▸ TO DO
Reproduce only what runs from the line containing "Finally, in terms" to the line containing "أسئلة اختبار مادة" in the records below, inclusive. Keep it exact, and keep the pictures out.
##### DATA UNDER STUDY #####
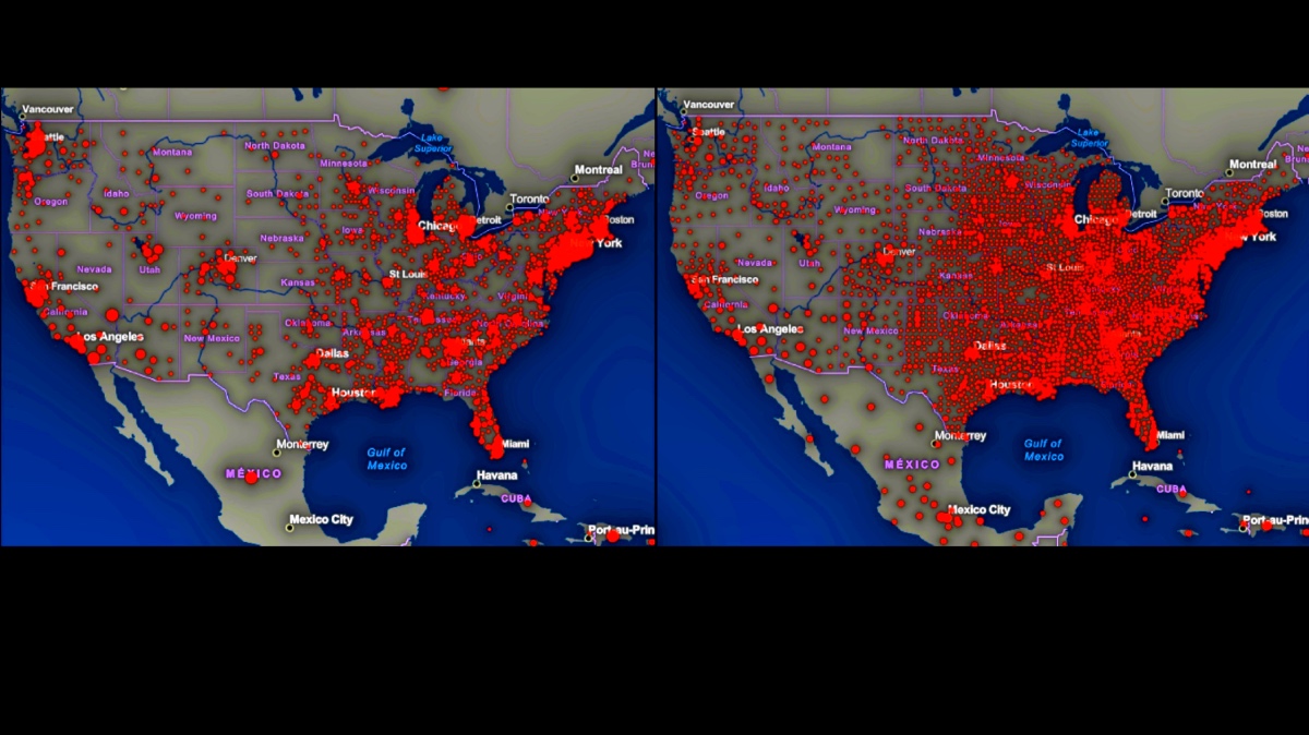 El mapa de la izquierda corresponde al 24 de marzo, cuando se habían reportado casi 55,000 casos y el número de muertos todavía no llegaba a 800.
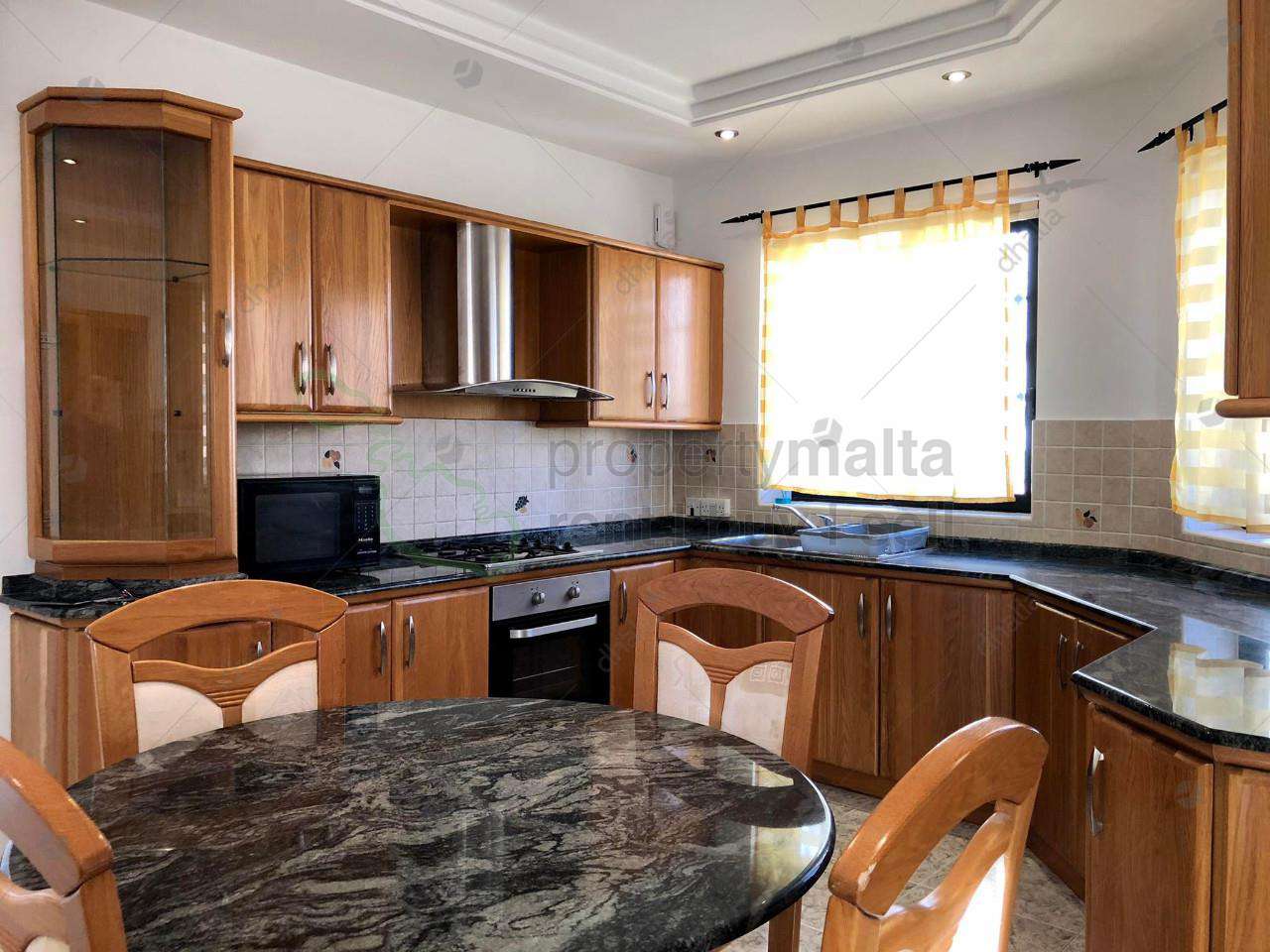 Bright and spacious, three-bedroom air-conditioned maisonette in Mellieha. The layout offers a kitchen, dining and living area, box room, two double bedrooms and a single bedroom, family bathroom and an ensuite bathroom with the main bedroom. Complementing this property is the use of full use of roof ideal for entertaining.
#####
##### DATA UNDER STUDY #####
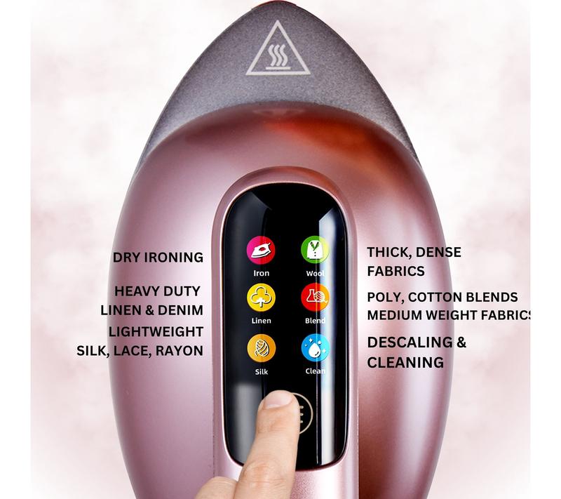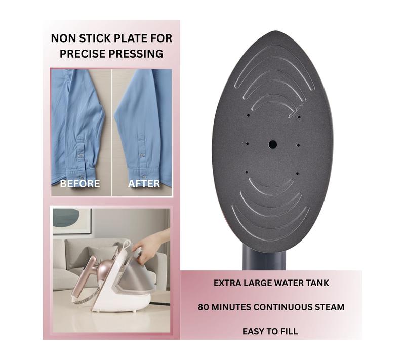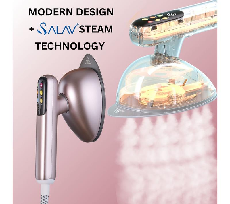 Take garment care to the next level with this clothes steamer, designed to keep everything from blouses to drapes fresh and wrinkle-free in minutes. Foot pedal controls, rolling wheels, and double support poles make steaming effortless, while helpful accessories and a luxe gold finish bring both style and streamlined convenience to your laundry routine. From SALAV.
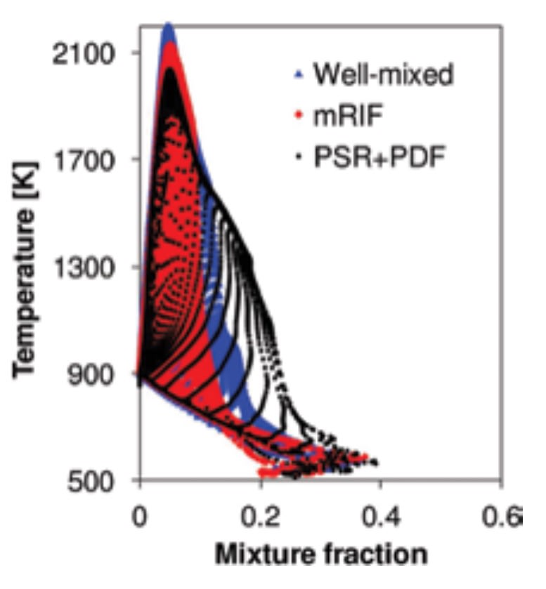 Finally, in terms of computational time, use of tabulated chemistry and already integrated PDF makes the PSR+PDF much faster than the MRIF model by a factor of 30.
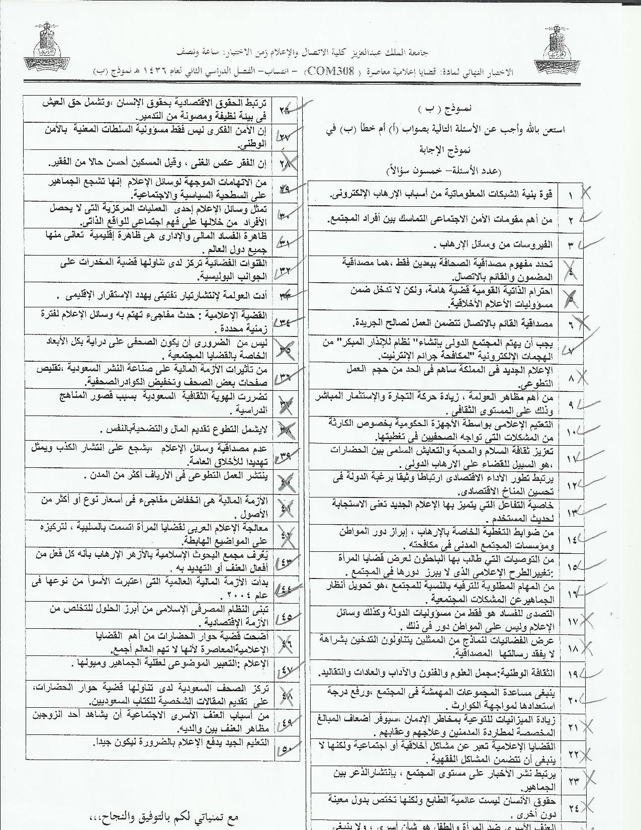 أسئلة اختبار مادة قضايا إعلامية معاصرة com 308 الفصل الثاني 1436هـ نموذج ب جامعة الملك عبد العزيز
#####
▸ ANSWER SPACE
 Finally, in terms of computational time, use of tabulated chemistry and already integrated PDF makes the PSR+PDF much faster than the MRIF model by a factor of 30.
 أسئلة اختبار مادة قضايا إعلامية معاصرة com 308 الفصل الثاني 1436هـ نموذج ب جامعة الملك عبد العزيز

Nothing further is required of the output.